SUPPLIED DATA Start Marker

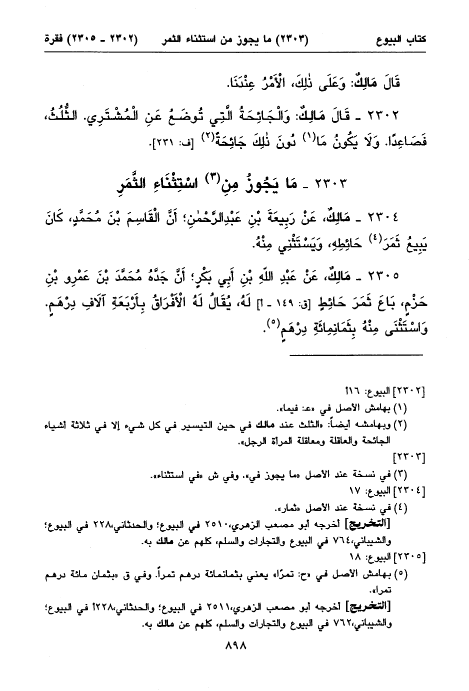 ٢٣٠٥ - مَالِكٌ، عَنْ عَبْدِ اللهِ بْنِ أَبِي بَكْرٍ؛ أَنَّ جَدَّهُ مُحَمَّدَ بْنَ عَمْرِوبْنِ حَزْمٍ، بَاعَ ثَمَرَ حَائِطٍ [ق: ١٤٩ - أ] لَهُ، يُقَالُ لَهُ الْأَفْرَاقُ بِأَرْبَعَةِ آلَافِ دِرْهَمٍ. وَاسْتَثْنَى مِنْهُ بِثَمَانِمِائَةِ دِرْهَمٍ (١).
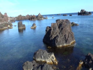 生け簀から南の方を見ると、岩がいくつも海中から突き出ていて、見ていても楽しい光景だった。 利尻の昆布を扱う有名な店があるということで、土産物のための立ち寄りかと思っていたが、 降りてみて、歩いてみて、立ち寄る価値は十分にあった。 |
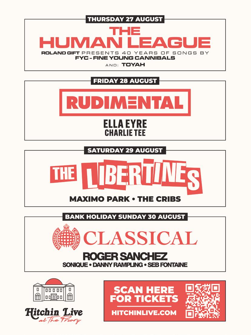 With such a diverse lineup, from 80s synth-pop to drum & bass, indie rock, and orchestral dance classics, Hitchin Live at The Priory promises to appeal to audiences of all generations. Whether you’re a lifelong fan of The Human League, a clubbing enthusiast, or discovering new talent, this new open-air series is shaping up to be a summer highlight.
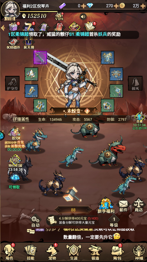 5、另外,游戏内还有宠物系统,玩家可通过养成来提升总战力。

SUPPLIED DATA End Marker

EXERCISE GOAL:
Copy the data exactly. Pictures do not belong in the copy.

ANSWER TO THIS TASK:
 ٢٣٠٥ - مَالِكٌ، عَنْ عَبْدِ اللهِ بْنِ أَبِي بَكْرٍ؛ أَنَّ جَدَّهُ مُحَمَّدَ بْنَ عَمْرِوبْنِ حَزْمٍ، بَاعَ ثَمَرَ حَائِطٍ [ق: ١٤٩ - أ] لَهُ، يُقَالُ لَهُ الْأَفْرَاقُ بِأَرْبَعَةِ آلَافِ دِرْهَمٍ. وَاسْتَثْنَى مِنْهُ بِثَمَانِمِائَةِ دِرْهَمٍ (١).
 生け簀から南の方を見ると、岩がいくつも海中から突き出ていて、見ていても楽しい光景だった。 利尻の昆布を扱う有名な店があるということで、土産物のための立ち寄りかと思っていたが、 降りてみて、歩いてみて、立ち寄る価値は十分にあった。 |
 With such a diverse lineup, from 80s synth-pop to drum & bass, indie rock, and orchestral dance classics, Hitchin Live at The Priory promises to appeal to audiences of all generations. Whether you’re a lifelong fan of The Human League, a clubbing enthusiast, or discovering new talent, this new open-air series is shaping up to be a summer highlight.
 5、另外,游戏内还有宠物系统,玩家可通过养成来提升总战力。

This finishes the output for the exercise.